Merge Sorted Array easy

Description

Given two sorted integer arrays nums1 and nums2, merge nums2 into nums1 as one sorted array.

nums1 has size m + n, where the first m elements are the values to be merged and the last n slots are 0-padded — they’re empty space reserved for the merge. nums2 has n valid elements.

Do this in-place, modifying nums1 directly.

Examples

> Case 1:
    Input:  nums1 = [1, 2, 3, 0, 0, 0]   m = 3
            nums2 = [2, 5, 6]            n = 3
    Output: nums1 = [1, 2, 2, 3, 5, 6]
 
> Case 2:
    Input:  nums1 = [1]   m = 1
            nums2 = []    n = 0
    Output: nums1 = [1]
 
> Case 3:
    Input:  nums1 = [0]   m = 0
            nums2 = [1]   n = 1
    Output: nums1 = [1]

Constraints

• nums1.length == m + n
• nums2.length == n
• Both arrays are sorted in non-decreasing order.

The naive trap

The obvious approach is to merge from the front — two pointers walking forward, picking the smaller value each step. But that means we’d have to either:

• Use a separate output array (O(m + n) extra space — feels like cheating in-place), or
• Shift nums1 elements right to make room when nums2’s value is smaller (O((m+n)²) total).

Both are unsatisfying.

The trick: merge from the back

The right insight: nums1 has empty space at the end.
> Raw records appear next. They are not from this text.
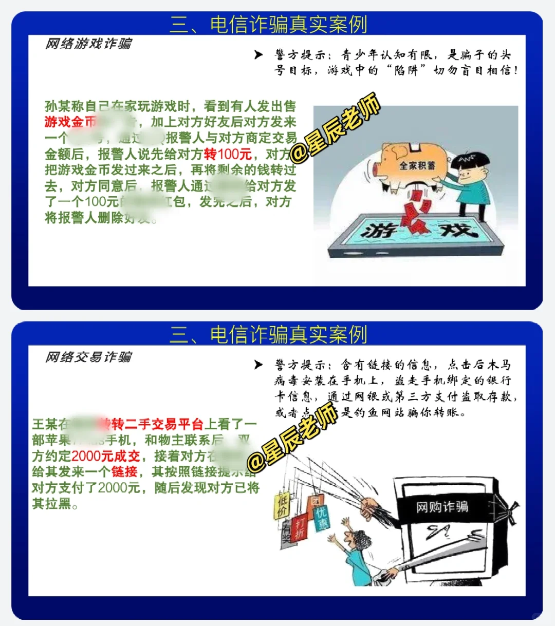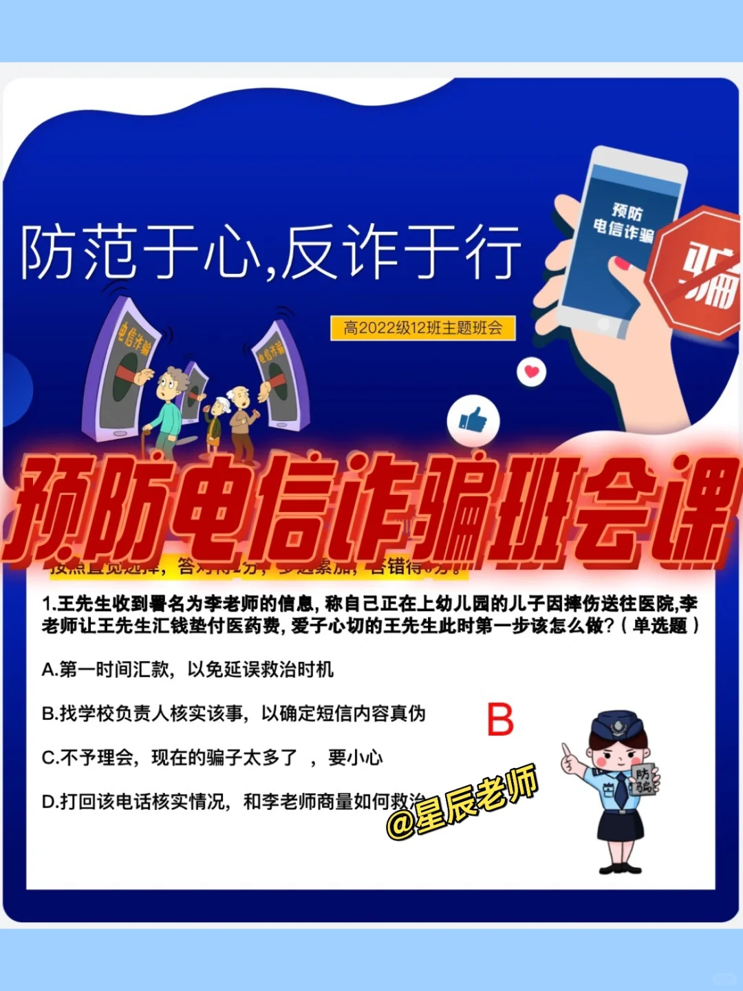 [紫色心形R]主题:防范于心,反诈于行—预防电信诈骗主题班会 [蓝色心形R]内容:ppt23页➕视频 [绿色心形R]班会流程: 1⃣️导入环节:通过问卷了解自己的“被骗”指数,引发学生的注意和思考。 2⃣️主体活动: —什么是电信诈骗 —常见的电信诈骗案例 —如何预防诈骗 —如果被诈骗了,怎么办? 3⃣️总结阶段 老师进行简要总结,提醒学生关键点,并观看视频。 🌿注意事项:上课前可分小组谈论对电信诈骗的认识,如果每一个小组都进行演讲,效果会更好。
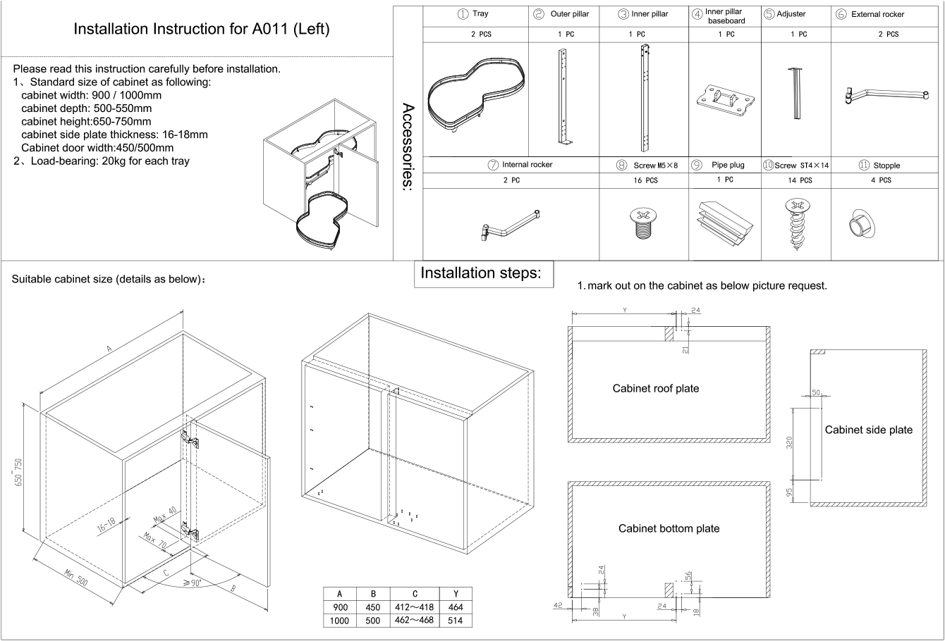 A: It fits cabinets with a width of 850-900mm, making it suitable for most standard L-shaped or corner kitchen cabinets.
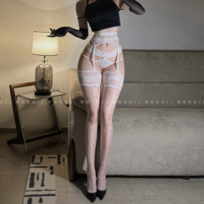 sk「繁梦引」丝袜女薄款防勾丝白色性感吊带袜情调蕾丝一体长筒袜

So merge backwards — place the largest remaining value at the end of nums1, decrementing inward.

This avoids overwriting nums1’s valid entries, because the cursor we’re writing to (k) always stays ahead of the read cursor (i for nums1).

nums1 = [1, 2, 3, _, _, _]    m = 3
nums2 = [2, 5, 6]              n = 3

i = 2 (last valid in nums1)
j = 2 (last in nums2)
k = 5 (last slot in nums1)

Step 1: nums1[2]=3 vs nums2[2]=6 → 6 wins. nums1[5]=6. j--, k--.
nums1 = [1, 2, 3, _, _, 6]    i=2, j=1, k=4

Step 2: nums1[2]=3 vs nums2[1]=5 → 5 wins. nums1[4]=5. j--, k--.
nums1 = [1, 2, 3, _, 5, 6]    i=2, j=0, k=3

Step 3: nums1[2]=3 vs nums2[0]=2 → 3 wins. nums1[3]=3. i--, k--.
nums1 = [1, 2, 3, 3, 5, 6]    i=1, j=0, k=2

Step 4: nums1[1]=2 vs nums2[0]=2 → tie. Either works; we'll take from nums2.
        nums1[2]=2. j--, k--.
nums1 = [1, 2, 2, 3, 5, 6]    i=1, j=-1, k=1

j < 0. Done. Anything still in nums1[0..i] is already in place.

Code

void merge(vector<int>& nums1, int m, vector<int>& nums2, int n) {
    int i = m - 1, j = n - 1, k = m + n - 1;
    while (i >= 0 && j >= 0) {
        if (nums1[i] > nums2[j]) nums1[k--] = nums1[i--];
        else                     nums1[k--] = nums2[j--];
    }
    while (j >= 0) nums1[k--] = nums2[j--];     // leftover from nums2
    // nums1 leftovers are already in place — no need to copy.
}

def merge(nums1, m, nums2, n):
    i, j, k = m - 1, n - 1, m + n - 1
    while i >= 0 and j >= 0:
        if nums1[i] > nums2[j]:
            nums1[k] = nums1[i]; i -= 1
        else:
            nums1[k] = nums2[j]; j -= 1
        k -= 1
    while j >= 0:
        nums1[k] = nums2[j]; j -= 1; k -= 1

public void merge(int[] nums1, int m, int[] nums2, int n) {
    int i = m - 1, j = n - 1, k = m + n - 1;
    while (i >= 0 && j >= 0) {
        nums1[k--] = (nums1[i] > nums2[j]) ? nums1[i--] : nums2[j--];
    }
    while (j >= 0) nums1[k--] = nums2[j--];
}

Why this matters

This is the merge step of Merge Sort, specialized for the case where the destination array has exactly enough empty space at the end. The “merge from the back” trick lets you do it in-place — a real win in practice.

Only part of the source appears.